Segment Start: EXTRACTED MATERIAL
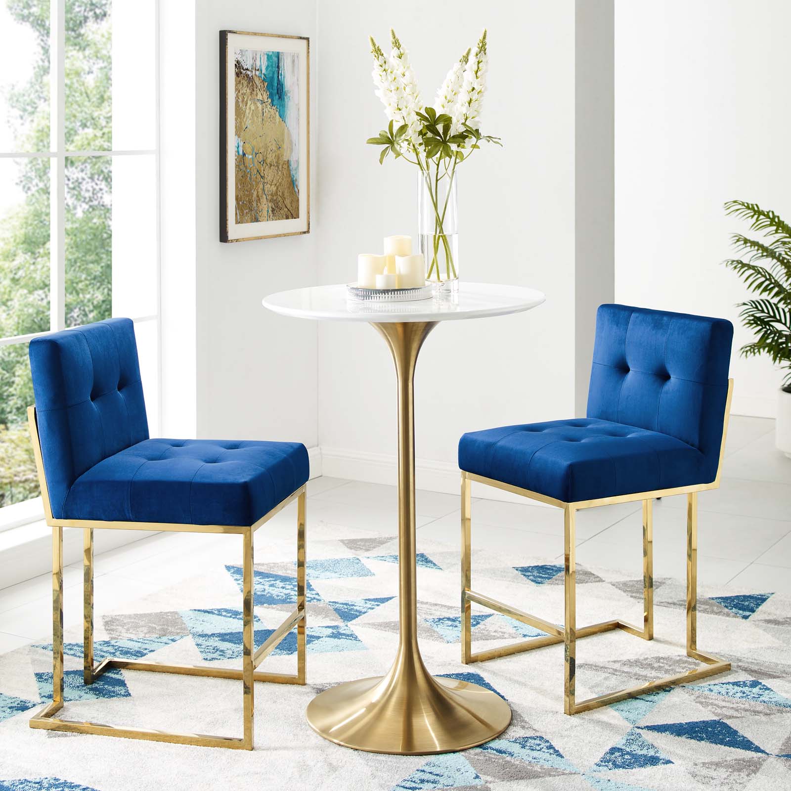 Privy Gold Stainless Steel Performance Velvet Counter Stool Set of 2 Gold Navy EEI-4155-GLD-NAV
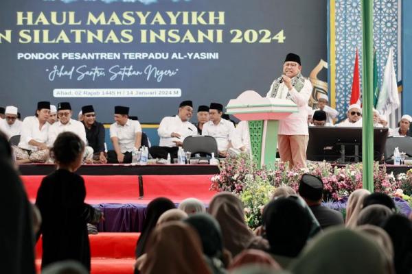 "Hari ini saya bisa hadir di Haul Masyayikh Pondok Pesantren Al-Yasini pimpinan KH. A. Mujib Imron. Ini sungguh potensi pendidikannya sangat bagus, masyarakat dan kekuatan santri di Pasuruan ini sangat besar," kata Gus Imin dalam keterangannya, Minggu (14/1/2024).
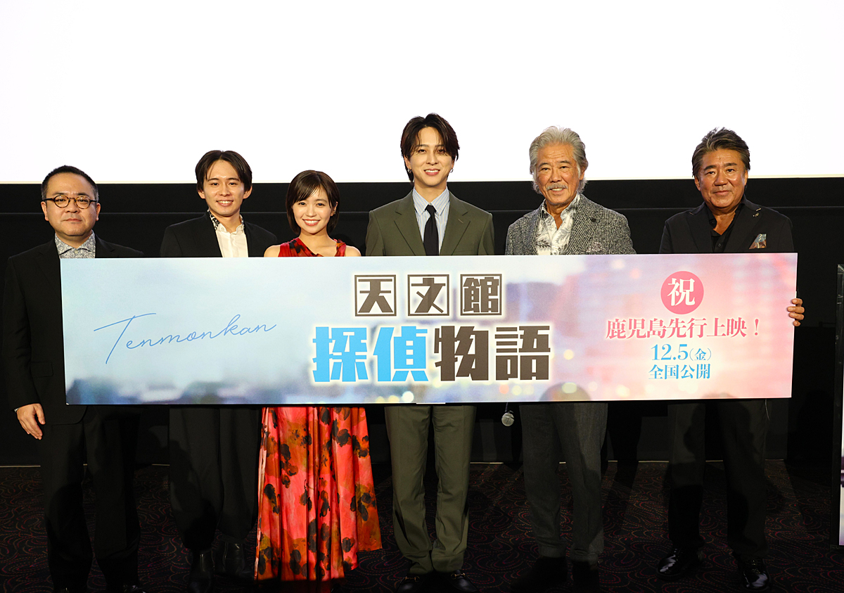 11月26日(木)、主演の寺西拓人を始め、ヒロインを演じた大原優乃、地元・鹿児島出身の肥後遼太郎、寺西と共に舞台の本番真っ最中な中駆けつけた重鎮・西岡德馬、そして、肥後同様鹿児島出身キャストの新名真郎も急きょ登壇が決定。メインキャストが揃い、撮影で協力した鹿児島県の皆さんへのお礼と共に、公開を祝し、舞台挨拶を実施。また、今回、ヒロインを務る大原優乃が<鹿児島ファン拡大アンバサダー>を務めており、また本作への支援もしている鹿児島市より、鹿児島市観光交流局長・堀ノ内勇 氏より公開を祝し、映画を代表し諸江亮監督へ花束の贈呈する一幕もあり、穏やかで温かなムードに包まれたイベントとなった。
Segment End: EXTRACTED MATERIAL
Segment Start: EXTRACTED MATERIAL
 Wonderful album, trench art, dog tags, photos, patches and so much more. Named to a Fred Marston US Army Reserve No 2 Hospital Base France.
Segment End: EXTRACTED MATERIAL
*WHAT THE EXERCISE ASKS*:
Between and including the line with "Privy Gold Stainless" and the line with "keterangannya, Minggu (14/1/2024).", repeat every line exactly as it appears above, with pictures left out.

*PROBLEM SOLUTION*:
 Privy Gold Stainless Steel Performance Velvet Counter Stool Set of 2 Gold Navy EEI-4155-GLD-NAV
 "Hari ini saya bisa hadir di Haul Masyayikh Pondok Pesantren Al-Yasini pimpinan KH. A. Mujib Imron. Ini sungguh potensi pendidikannya sangat bagus, masyarakat dan kekuatan santri di Pasuruan ini sangat besar," kata Gus Imin dalam keterangannya, Minggu (14/1/2024).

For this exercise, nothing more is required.